Dataset excerpt: Begin

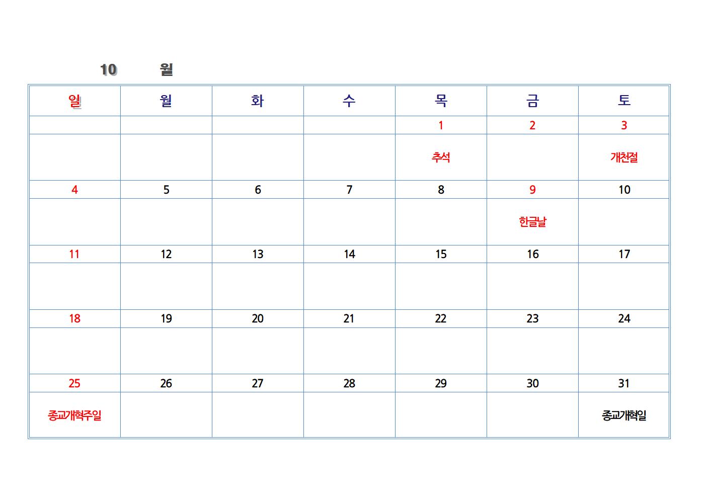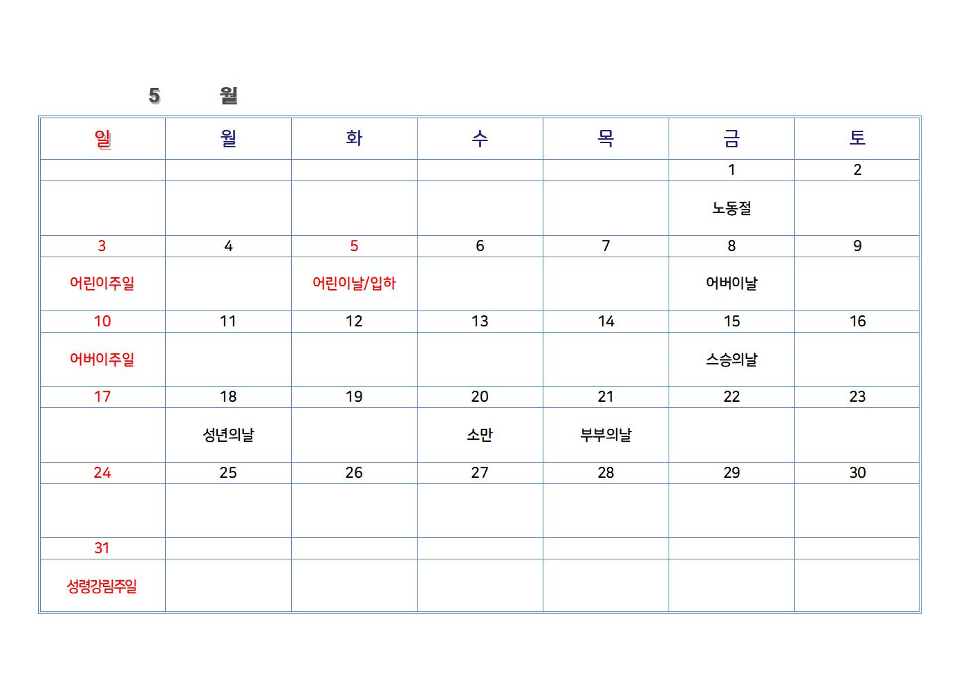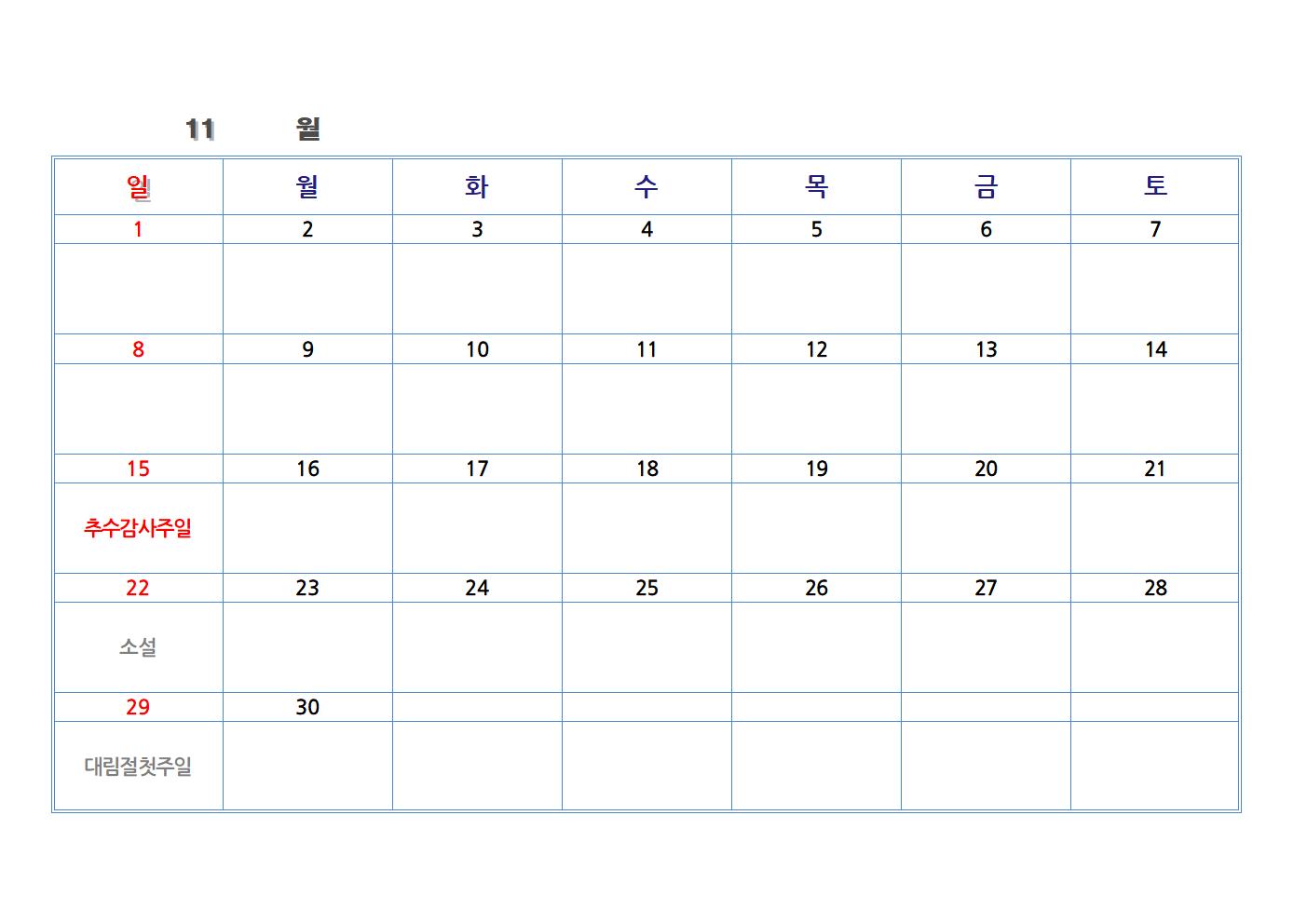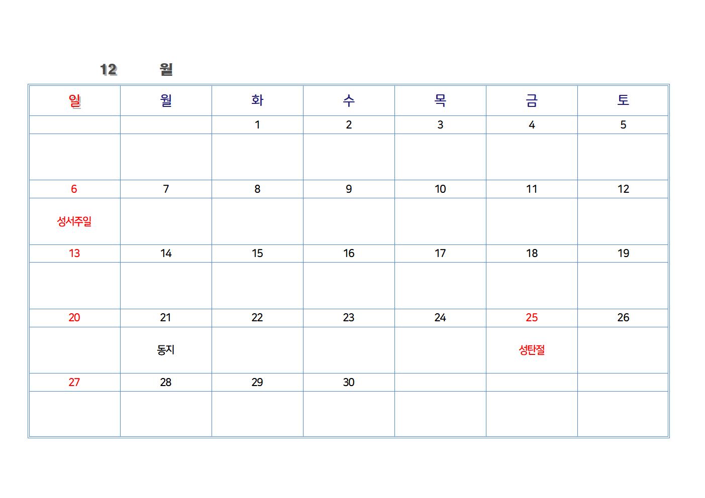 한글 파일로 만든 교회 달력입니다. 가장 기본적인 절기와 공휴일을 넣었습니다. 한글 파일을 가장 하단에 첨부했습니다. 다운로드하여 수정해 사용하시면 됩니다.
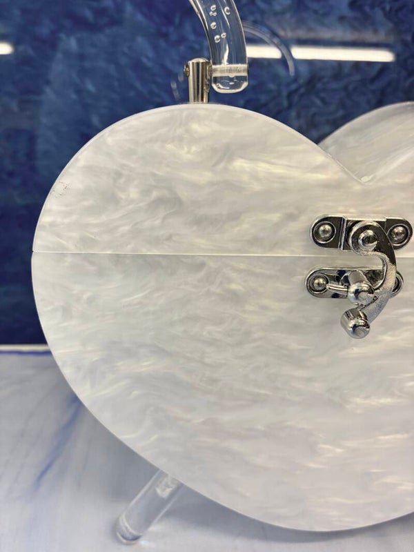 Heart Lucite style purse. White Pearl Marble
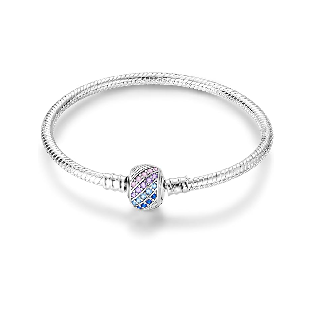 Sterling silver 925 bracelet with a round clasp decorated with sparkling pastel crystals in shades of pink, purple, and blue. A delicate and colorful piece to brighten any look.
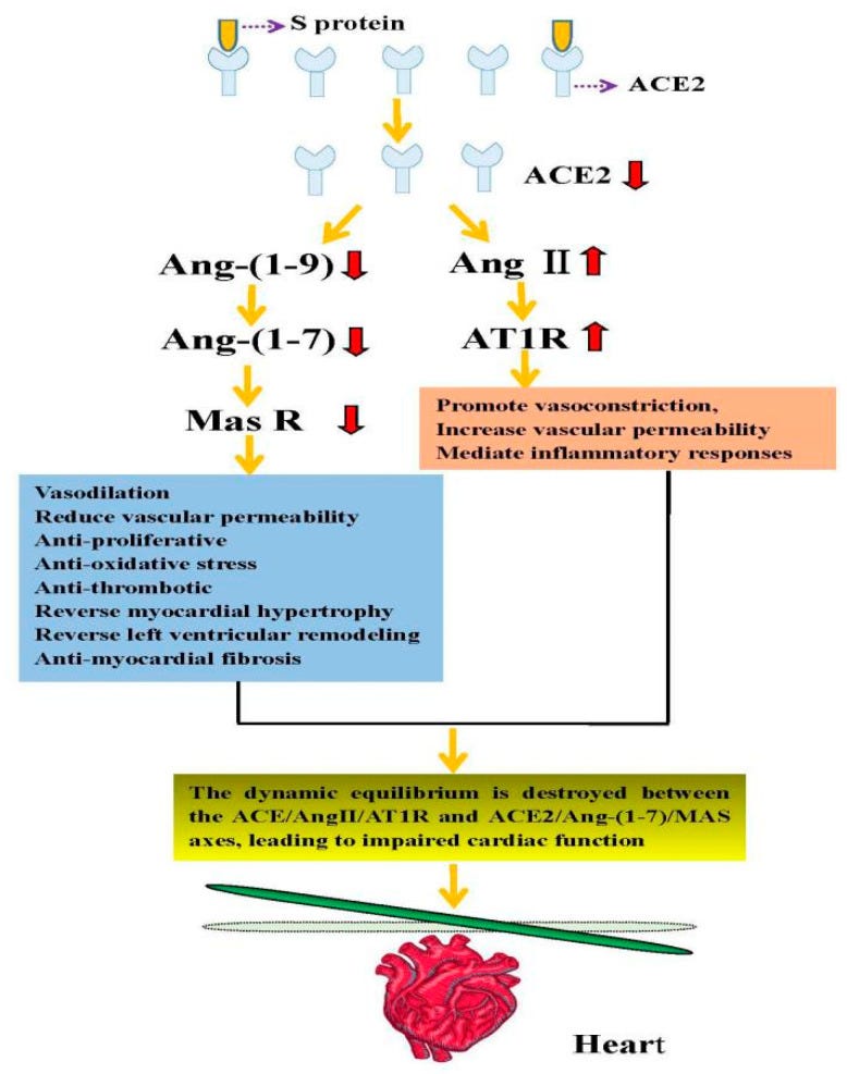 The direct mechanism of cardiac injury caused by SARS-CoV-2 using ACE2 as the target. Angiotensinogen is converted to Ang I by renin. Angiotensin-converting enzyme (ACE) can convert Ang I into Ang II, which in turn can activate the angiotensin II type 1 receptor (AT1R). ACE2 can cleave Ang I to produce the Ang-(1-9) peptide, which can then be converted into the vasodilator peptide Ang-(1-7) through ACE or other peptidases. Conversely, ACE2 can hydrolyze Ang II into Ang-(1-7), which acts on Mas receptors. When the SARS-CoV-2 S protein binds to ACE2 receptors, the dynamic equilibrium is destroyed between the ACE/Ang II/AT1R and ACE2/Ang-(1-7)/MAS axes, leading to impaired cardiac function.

Dataset excerpt: End

A word-for-word restatement of all the lines above is needed, with the pictures omitted.

 한글 파일로 만든 교회 달력입니다. 가장 기본적인 절기와 공휴일을 넣었습니다. 한글 파일을 가장 하단에 첨부했습니다. 다운로드하여 수정해 사용하시면 됩니다.
 Heart Lucite style purse. White Pearl Marble
 Sterling silver 925 bracelet with a round clasp decorated with sparkling pastel crystals in shades of pink, purple, and blue. A delicate and colorful piece to brighten any look.
 The direct mechanism of cardiac injury caused by SARS-CoV-2 using ACE2 as the target. Angiotensinogen is converted to Ang I by renin. Angiotensin-converting enzyme (ACE) can convert Ang I into Ang II, which in turn can activate the angiotensin II type 1 receptor (AT1R). ACE2 can cleave Ang I to produce the Ang-(1-9) peptide, which can then be converted into the vasodilator peptide Ang-(1-7) through ACE or other peptidases. Conversely, ACE2 can hydrolyze Ang II into Ang-(1-7), which acts on Mas receptors. When the SARS-CoV-2 S protein binds to ACE2 receptors, the dynamic equilibrium is destroyed between the ACE/Ang II/AT1R and ACE2/Ang-(1-7)/MAS axes, leading to impaired cardiac function.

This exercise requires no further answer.